Problem details:
Find "Rossmann Rossmann aktuální" below and begin at its line; stop after the line with "カラフルなアーチ状の橋が、穏". Output those lines exactly, without pictures.

[Collected data]
+---+
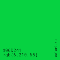 Цвет #06D241 в цветовой модели RGB обозначается тремя октетами (6, 210, 65) в десятичном формате и #06D241 в шестнадцатиричном (hex) формате, которые являются интенсивностью красного 6 (hex 06), интенсивность зелёного 210 (hex D2) и интенсивность синего 65 (hex 41).
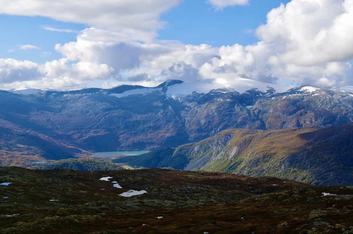 Utsikt fra den sørlige toppen av Vågsberget 1256 moh. mot Hest, Såta og Solsetnosi
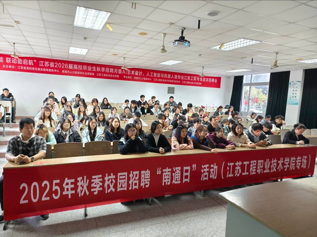 为深入贯彻落实国家关于促进高校毕业生就业创业的决策部署,10月22日下午,“职引新动能 联动助起航”江苏省2026届高校毕业生秋季招聘月暨江苏工院AI艺术设计、人工智能与机器人微专业专场宣讲招聘会在我校崇謇楼108教室举办。
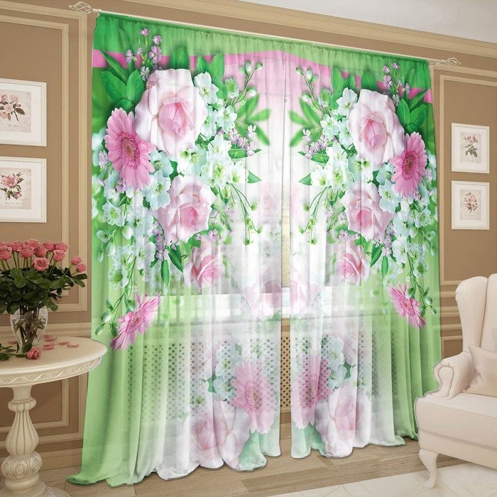 | Тип тюли: | Готовый, С рисунком, С цветами |
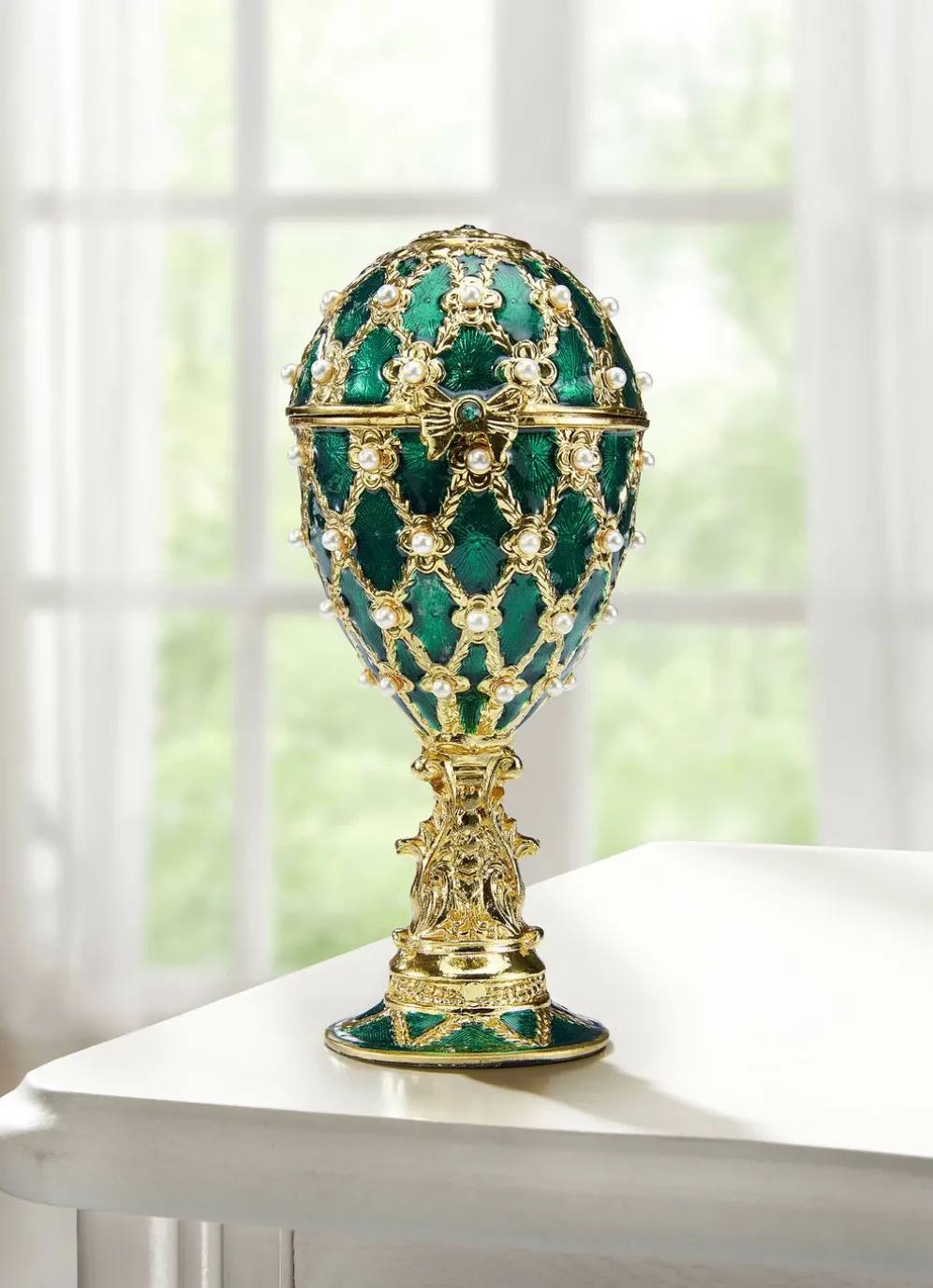 Diese hübsche Spieluhr wurde im Stil eines Fabergé-Eis gestaltet. Aufwendig mit hochwertiger Emaille bearbeitet und zusätzlich mit goldfarbenen Verzierungen von Hand bemalt und mit kleinen weißen Perlen ergänzt. Die Spitze des Eis wird von einem Strass-Stein gekrönt.
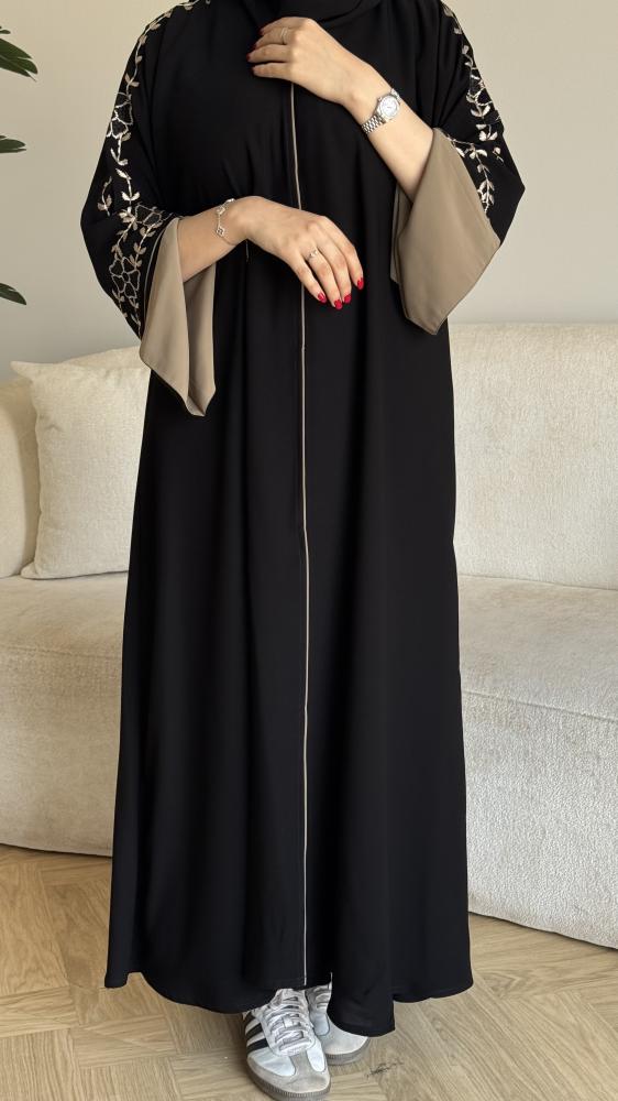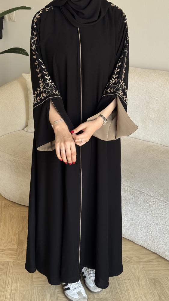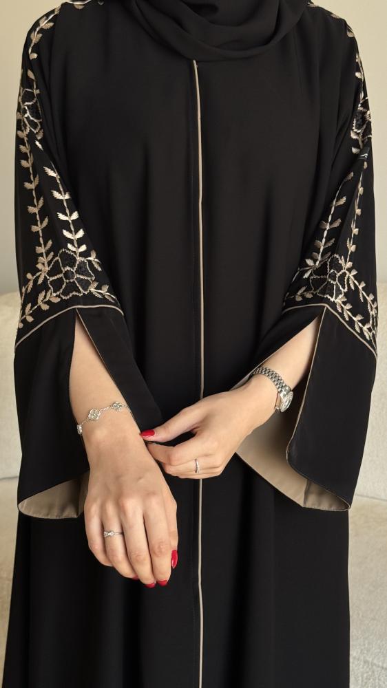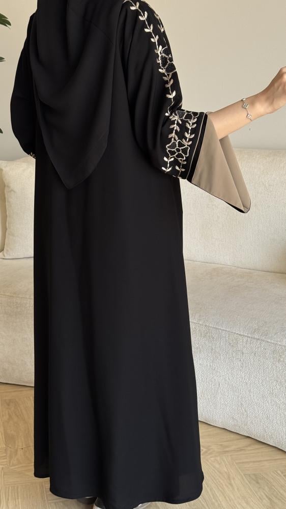 • أكمام مطرزة بتفاصيل أوراق وزهور أنثوية أنيقة.
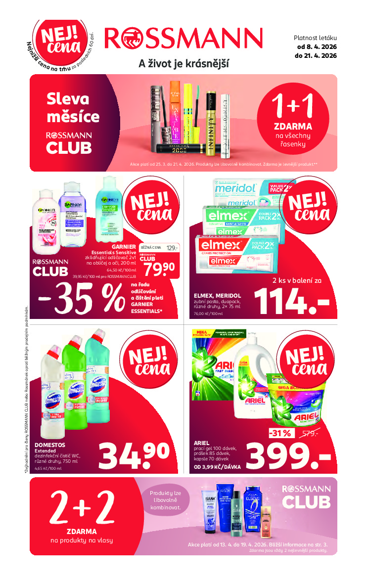 Rossmann Rossmann aktuální leták od 08.04.2026 Nabídka letáku platí od 08.04.2026 do 21.04.2026 Leták zde ke stažení v pdf
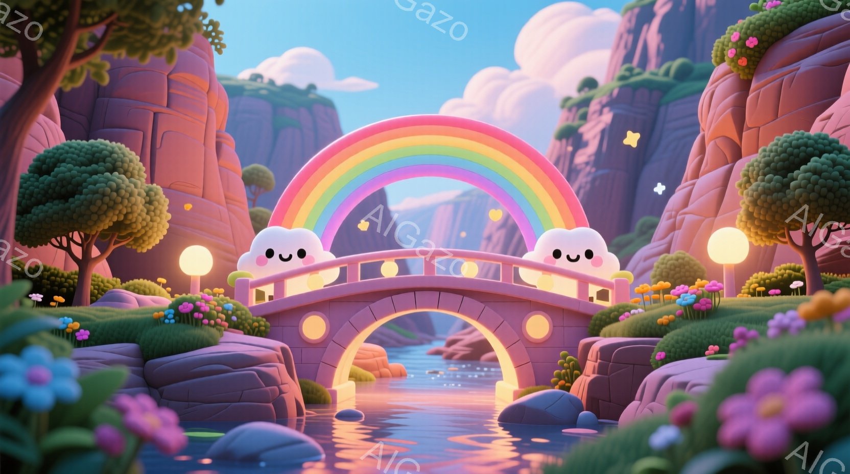 カラフルなアーチ状の橋が、穏やかな水面に架かっています。橋の両端には、笑顔の雲のキャラクターが立っており、周囲は緑豊かな植物と岩場に囲まれ、空には虹がかかっています。全体的に、暖かく、夢のような、牧歌的な雰囲気です。
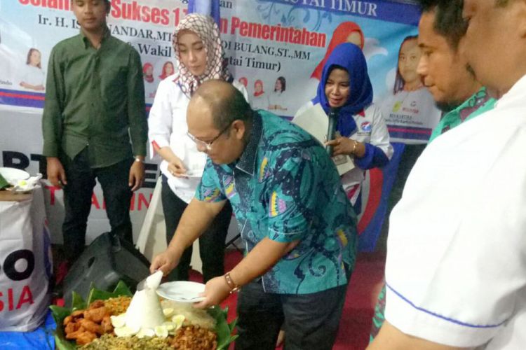 Bupati Ismunandar memotong tumpeng saat perayaan setahun kepemimpinannya disaksikan Ketua Partai Perindo Kutim Sumarno, di sekretariat partai tersebut, Jumat (17/2) malam. ©2017 Merdeka.com
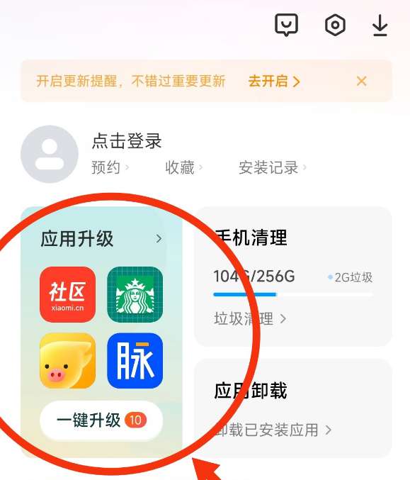 2、然后找到应用升级进入。
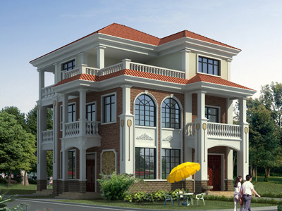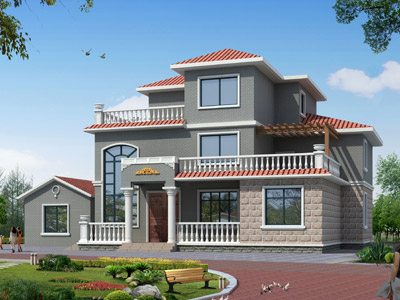 L090三層帶露臺農(nóng)村別墅設(shè)計(jì)效果圖,三層別墅設(shè)計(jì)
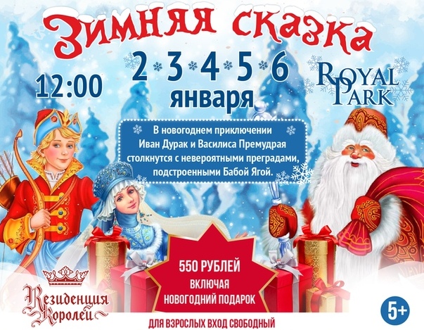 Утренники в детских садах и школах остались позади, но сказочной атмосферы всегда бывает мало. Развлекательный комплекс «Резиденция Королей» со 2 по 6 января готовит в Royal Park для ваших детей новую порцию сказки: захватывающий интерактивный спектакль. 2019-й под угрозой, и спасти его смогут только Иван Дурак, Василиса Премудрая и, конечно же, отважные юные зрители. Заколдованный лес, козням Бабы-Яги и противостояние злым чарам, – каждый ребенок будет задействован в эксклюзивном сценарии, который богат на неординарные режиссерские находки. Входной билет, включающий новогодний подарок, стоит 550 рублей, взрослым сопровождающим – вход бесплатный.
+---+
Task response:
 Rossmann Rossmann aktuální leták od 08.04.2026 Nabídka letáku platí od 08.04.2026 do 21.04.2026 Leták zde ke stažení v pdf
 カラフルなアーチ状の橋が、穏やかな水面に架かっています。橋の両端には、笑顔の雲のキャラクターが立っており、周囲は緑豊かな植物と岩場に囲まれ、空には虹がかかっています。全体的に、暖かく、夢のような、牧歌的な雰囲気です。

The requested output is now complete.